Which term will be \(132\) more than \(54^\rm{th}\)^{ }term**. **

**Reasoning:**

\({a_n} = a + \left( {n - 1} \right)d\) is the general term of AP. Where \({a_n}\) is the \(n\rm{th}\) term, \(a\) is the first term, \(d\) is the common difference and \(n\) is the number of terms.

**Steps:**

Given AP is \(3,\,15,\, 27,\, 39.\)

First term \(a = 3\)

Second term \(a + d = 15\)

\[d = 15 - 3 = 12\]

\(54^\rm{th}\)^{ }term of the AP is

\[\begin{align}{a_{54}} &= a + (54 - 1)d\\ &= 3 + 53 \times 12\\ &= 3 + 636\\ &= 639\end{align}\]

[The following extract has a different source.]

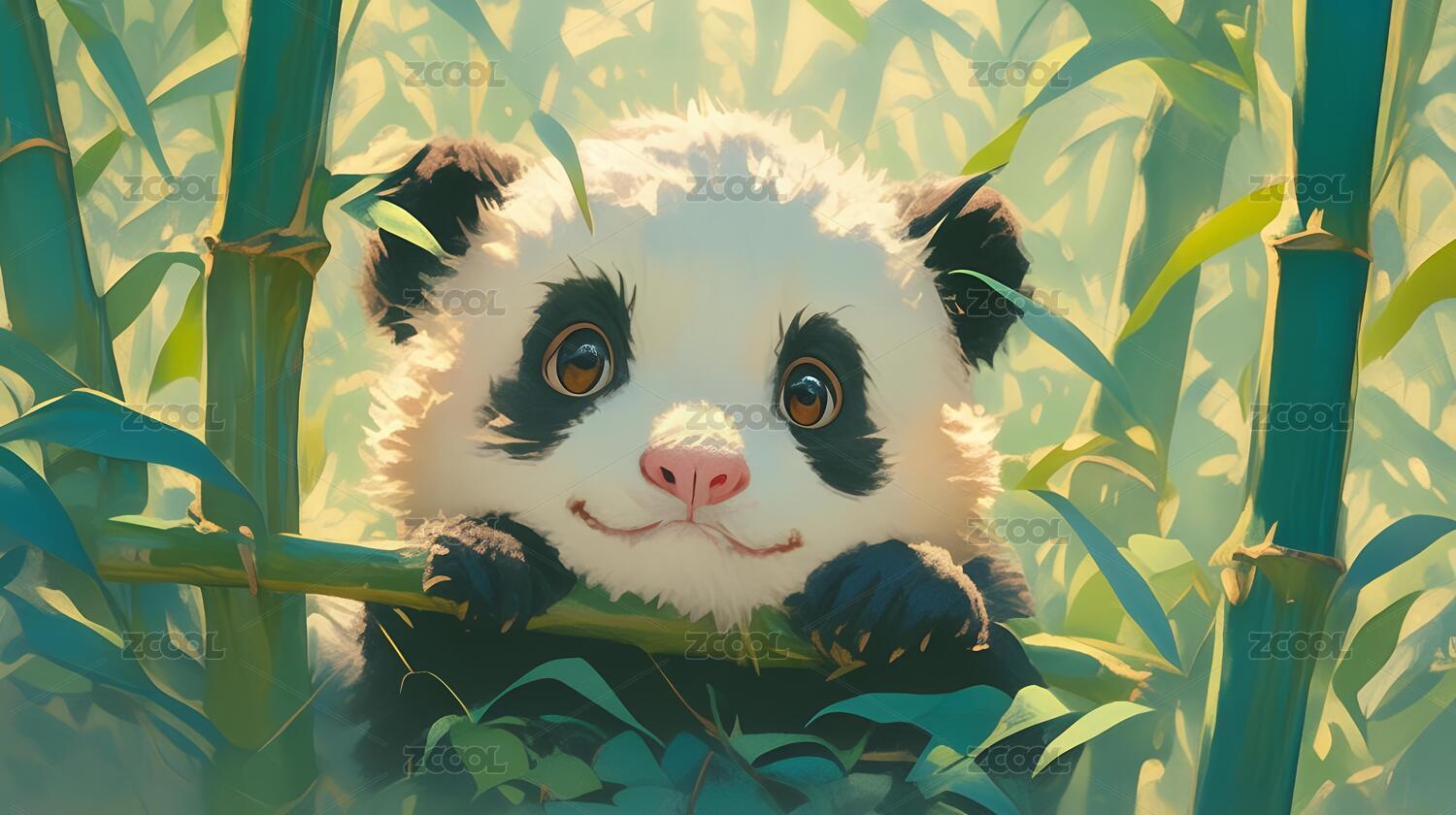 熊猫依偎竹子林间光影斑驳

Let \(n^\rm{th}\) term of AP be \(132\) more than \(54^\rm{th}\)^{ }term (Given)

We get , \(132\,+\,639=771\)

\[{a_n} = 771\]

\[\begin{align}{a_n} &= a + \left( {n - 1} \right)d\\771 &= 3 + \left( {n - 1} \right)12\\768 &= \left( {n - 1} \right)12\\\left( {n - 1} \right)& = 64\\n &= 65\end{align}\]

Therefore, \(65^\rm{th}\) term will be \(132\) more than \(54^\rm{th}\) term.

**Alternatively, **

Let \(n^\rm{th}\) term be \(132\) more than \(54^\rm{th}\) term.

\[\begin{align}n &= 54 + \frac{{132}}{{12}}\\& = 54 + 11 = {65^\rm{th}}\,\,{\rm{Term}}\end{align}\]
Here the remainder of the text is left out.